Ashley Low/For the Summit Daily News

Snowpack levels on the Western Slope continue to climb above normal for this time of the year thanks to recent winter storms.

Climatologists expressed concern at lower snowpack levels earlier in the winter. Snowfall on the Western Slope feeds into the Colorado River, upon which tens of millions of people depend. And abnormally dry conditions to the east exacerbate wildfire risk, seen most recently in the devastating Marshall Fire in Boulder County.

Over the past few weeks, snowpack levels trended toward above-average levels.



Data collected by the U.S. Department of Agriculture’s Natural Resources Conservation Service shows that as of Sunday, Jan. 9, the upper Colorado River basin, which includes Summit County, was at 124% of normal snow-water equivalent, a measurement of the amount of water held in the snowpack.

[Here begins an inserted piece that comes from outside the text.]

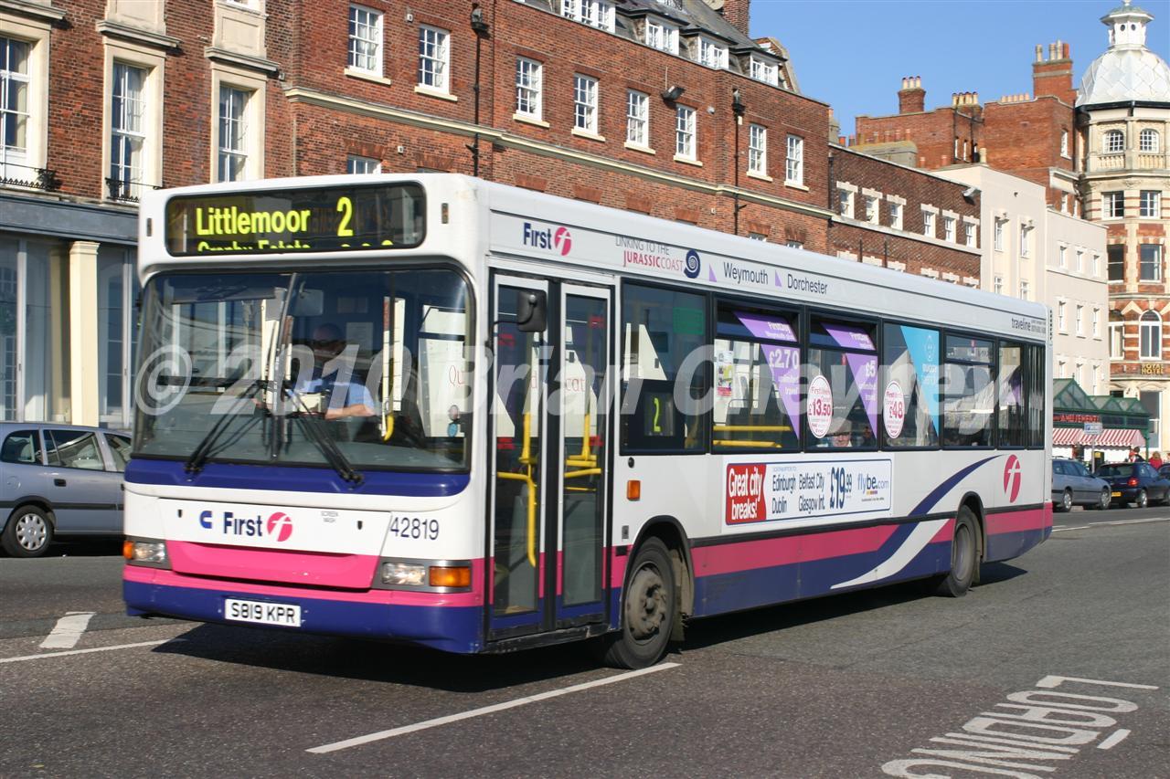 This is a Dennis Dart SLF/Plaxton Pointer 2. It is fleet number 42819. The picture was taken in Weymouth on 27/10/2005.
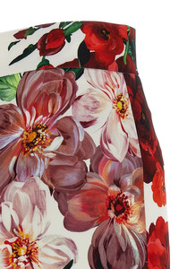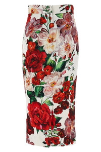 cod. F4BCATFSIB4HA5PD Longuette skirt in stretch viscose charmeuse with floral print, high waist model, stretch silk crepe de chine lining, zip closure and back split. The differences in print placement you might find on this product is a characteristic of Dolce&Gabbana's Handmade products. A peculiarity that makes each garment or accessory unique and exclusive. Color: White Size & Fit: true to size fit Composition: 96% viscose, 4% elastane Made in: Italy

The Yampa and White rivers basin, where Steamboat Springs is located, was at 133% of normal; The San Miguel, Dolores, Animas and San Juan rivers basin in southwest Colorado, where Durango is located, is at 138% of normal; the upper Rio Grand River basin, where Alamosa is located, is at 149% of normal; and leading the state is the Gunnison River basin at 160% of normal.



This Natural Resources Conservation Service map shows significant improvement in Colorado’s snowpack, especially along the Western Slope.
Natural Resources Conservation Service/Courtesy map

The recent snowfall means drought conditions are no longer as severe as they were in late December, according to the latest data from the National Drought Mitigation Center.

With the improving snowpack, some Western Slope areas in Garfield, Gunnison, Mesa and Pitkin counties are now considered to be “abnormally dry,” an improvement over the moderate and severe drought conditions previously noted by the National Drought Mitigation Center.

Summit County is now in moderate drought, an improvement from weeks earlier.

Above-average snowfall must continue not only this month but also in February and into the spring for the state to recharge dry soils and refill parched streams that feed into record-low reservoirs, experts have said.

The U.S. Drought Monitor map shows improved drought conditions across much of the Western Slope, including Summit County.
U.S. Drought Monitor/Courtesy map

Summit County is in for a warm and sunny week, with highs reaching into the upper 40s by Thursday, when a high of 48 is forecast by the National Weather Service.

Snow is back in the picture Thursday night and Friday, but it’s still too early to know how much could fall, if any.

“The last few model runs … showed very little to no snow,” OpenSnow meteorologist Sam Collentine wrote in his daily Interstate 70 blog.

There will be another chance of snow Jan. 19 “followed by encouraging signs for more storminess after Jan. 20,” Collentine wrote.